Usage Limit: ChatGPT Plus offers approximately 50 messages per 3 hours (for the 8K model); API usage has rate limits by token quota.
API Availability: Yes.
Prompt Engineering Tips: Use system/context messages to set roles (e.g., “You are a helpful analyst…”). Take advantage of multimodal input by including relevant images or diagrams. For code, prompting with comments describing the task improves accuracy. Utilize the model’s “thought summary” feature (if enabled) to have it explain its reasoning.

GPT-4.1 Family

Capabilities: Represents a significant step forward from GPT-4o in capabilities across coding, instruction following, and long context.

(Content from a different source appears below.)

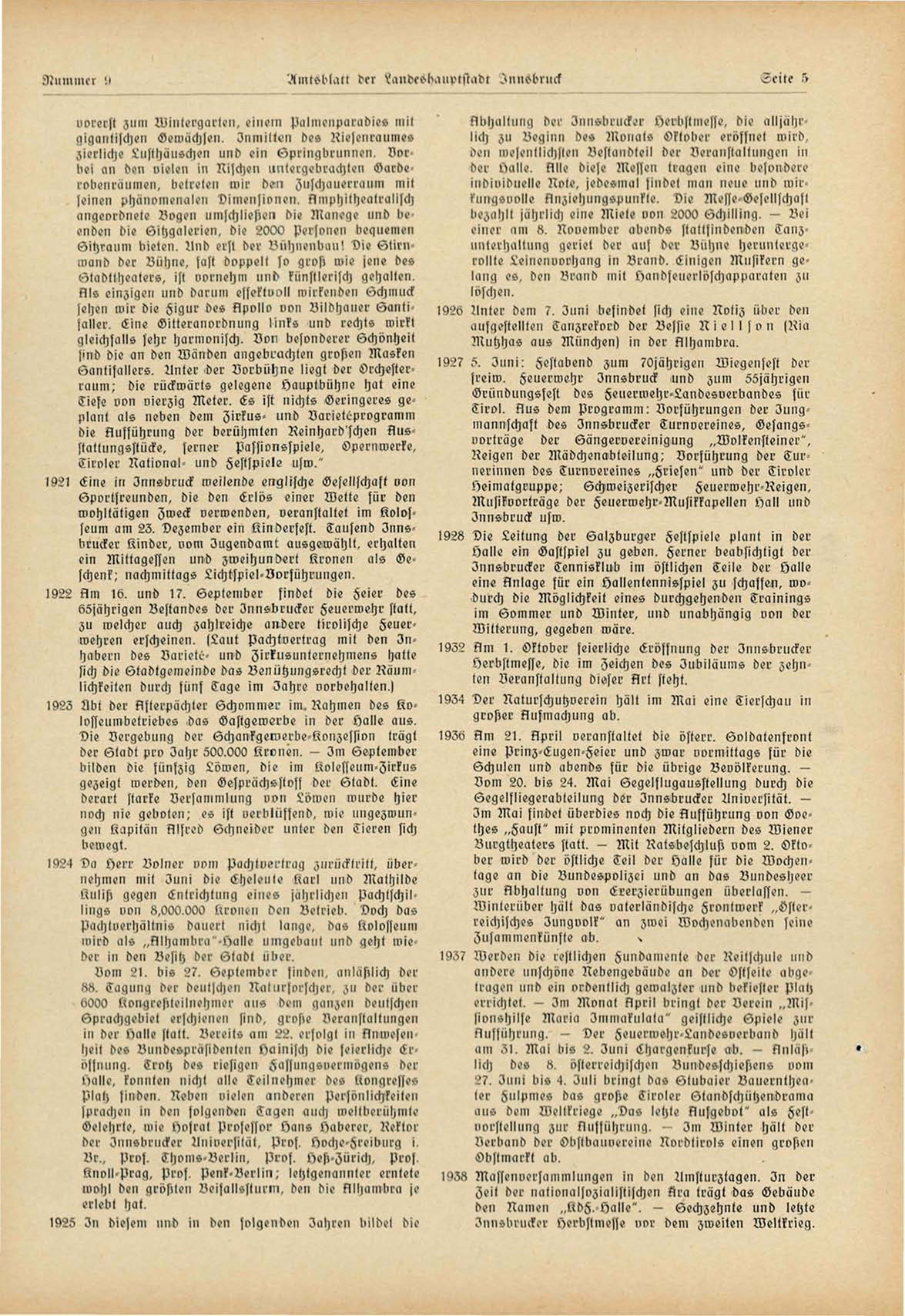 19Z2 Nm 1. Oktober feierliche Eröffnung der Innsbrucks:,"

It is highly steerable and responsive to well-specified prompts. It's noted as a great place to build agentic workflows and achieves state-of-the-art performance for non-reasoning models on SWE-bench Verified. GPT-4.1 has undergone more training on effectively utilizing tools passed as arguments in an OpenAI API request. It demonstrates outstanding instruction-following performance.
Prompt Engineering Tips: Many typical best practices still apply, such as providing context examples, making instructions as specific and clear as possible, and inducing planning via prompting to maximize model intelligence. Getting the most out of this model may require some prompt migration as it is trained to follow instructions more closely and literally than predecessors; a single sentence unequivocally clarifying desired behavior is almost always sufficient to steer the model.

For agentic workflows, include three key types of reminders: Persistence (keep going until the query is completely resolved), Reflectivity (MUST plan extensively before each function call, and reflect extensively on outcomes), and Adherence (reminders to follow instructions).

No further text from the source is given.